Declaring the join in a source file's `joins:` block is not supported yet. The
semantic layer plans each connection on its own, so a `joins:` entry whose `to:`
points at a table in another member is not resolved across the federation
boundary. Until that lands, express cross-database joins as raw SQL.
## Querying the federated connection directly
The federated connection is addressable by its id,
`_ktx_federated`, anywhere **ktx** runs read-only SQL. The same id works for the
`ktx sql` command and for a data agent calling the `sql_execution` MCP tool, so
both surfaces can run a cross-database query without a source file:
```bash
ktx sql -c _ktx_federated \
"SELECT b.title, avg(r.rating) AS avg_rating
FROM pg_books.public.books b
JOIN sqlite_reviews.reviews r ON b.id = r.book_id
GROUP BY b.title"
```
Table names follow the rules from
[Table naming in federated queries](#table-naming-in-federated-queries):
three-part `connectionId.schema.table` for postgres and mysql, two-part
`connectionId.table` for sqlite and duckdb. The `_ktx_federated` id is virtual —
it is never written to `ktx.yaml` and only exists when two or more attach-compatible
connections are declared. It surfaces in `ktx connection` and in the agent's
connection list so the id is discoverable. Querying a single member database
directly with its own connection id (`ktx sql -c pg_books ...`) is unchanged.

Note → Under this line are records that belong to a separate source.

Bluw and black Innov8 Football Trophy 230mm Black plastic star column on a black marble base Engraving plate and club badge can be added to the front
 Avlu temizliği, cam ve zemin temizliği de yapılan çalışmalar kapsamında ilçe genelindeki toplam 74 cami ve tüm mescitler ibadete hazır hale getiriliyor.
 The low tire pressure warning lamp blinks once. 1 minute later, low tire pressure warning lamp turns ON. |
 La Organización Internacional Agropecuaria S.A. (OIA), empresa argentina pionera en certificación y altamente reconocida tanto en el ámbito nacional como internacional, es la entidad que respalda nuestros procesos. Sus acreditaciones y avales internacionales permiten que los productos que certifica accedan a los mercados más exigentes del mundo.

If any member connection sets
[`query_policy: semantic-layer-only`](/docs/configuration/ktx-yaml#query-policy),
raw SQL against `_ktx_federated` is rejected as a whole: a federated query can
touch any member's tables, so one restricted member restricts the federation.

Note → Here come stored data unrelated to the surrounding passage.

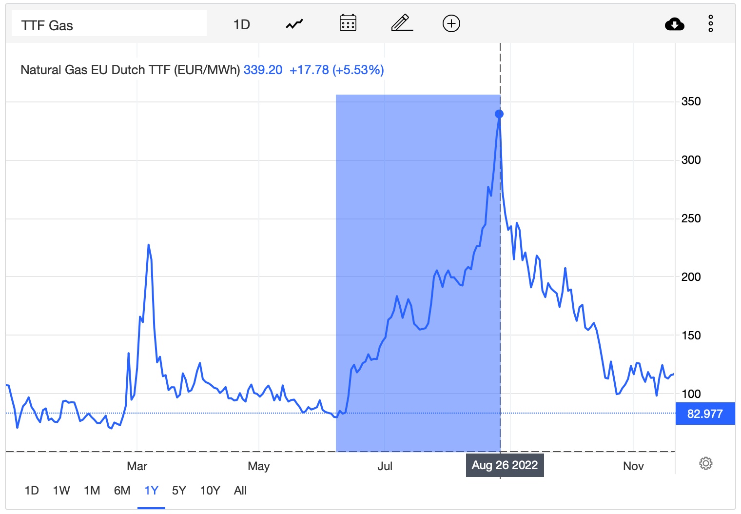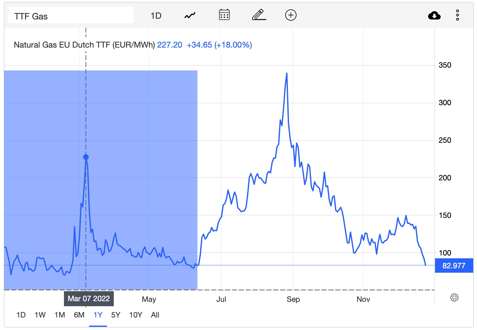 2022年迄今为止,欧洲天然气的表现可谓大起大落,基准荷兰TTF天然气期货价格走势大致可分为三个阶段: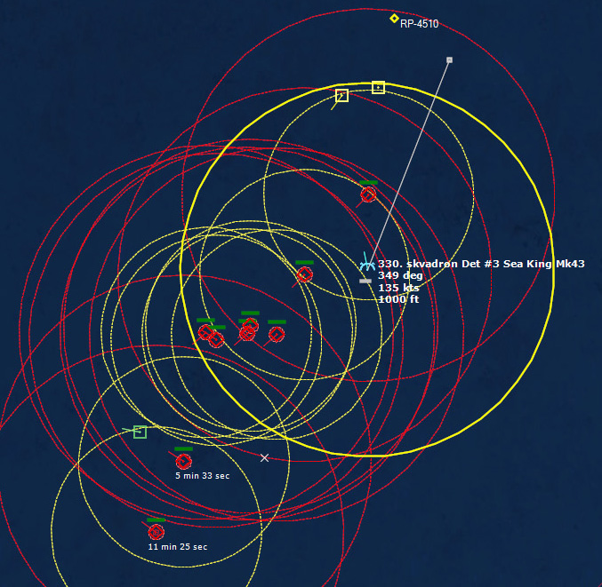 Contact!202420Z Torpedo away. The torpedo acquires and homes in...and misses. The seconds hits, but does not kill the sub. 824 Sqn #3 drops an active sonobuoy on the target to lock it in, and then has to depart the area.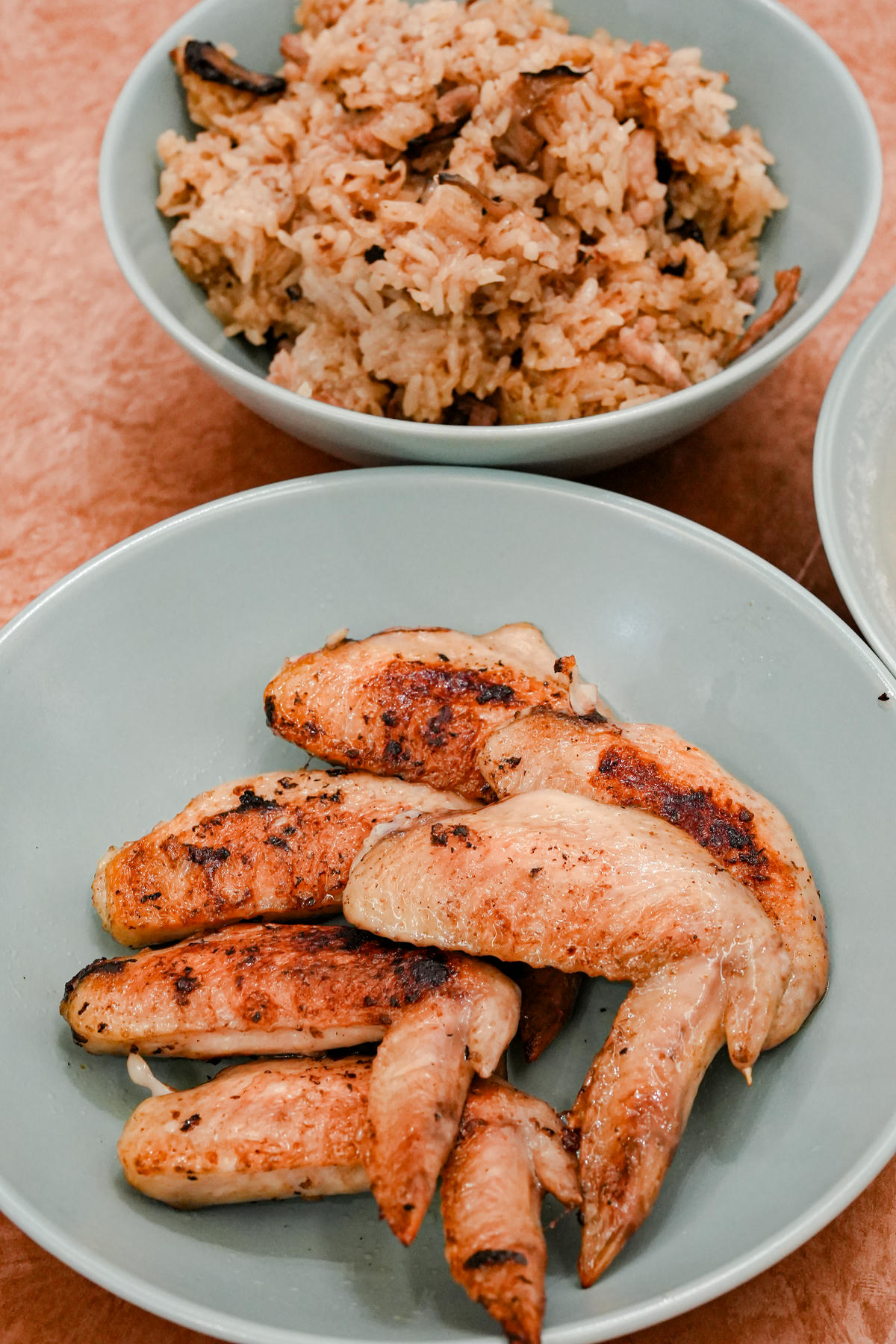 除了湯品,根藤的雞翅和棒棒腿也讓我愛不釋手。雞翅外皮帶著醬香,咬下去是微微的焦香與肉汁迸發,鹹香中帶著一點甜意,超級涮嘴💯

## Federated queries are read-only
DuckDB attaches every member database with read-only access. Federated queries
are `SELECT`/`WITH` only. No writes, no DDL, and no mutations reach any member
database through the federation engine.
## Current limitations
- **Raw SQL joins only.** Cross-database joins are written as raw SQL; declaring
them in a source's `joins:` block and automatic discovery of cross-database
relationships are not available yet. Intra-database relationship discovery for
each member connection is unchanged.
- **postgres, mysql, sqlite, and duckdb only.** Other drivers (snowflake,
bigquery, clickhouse, sqlserver) do not participate in federation in this
version. They remain usable as standalone connections.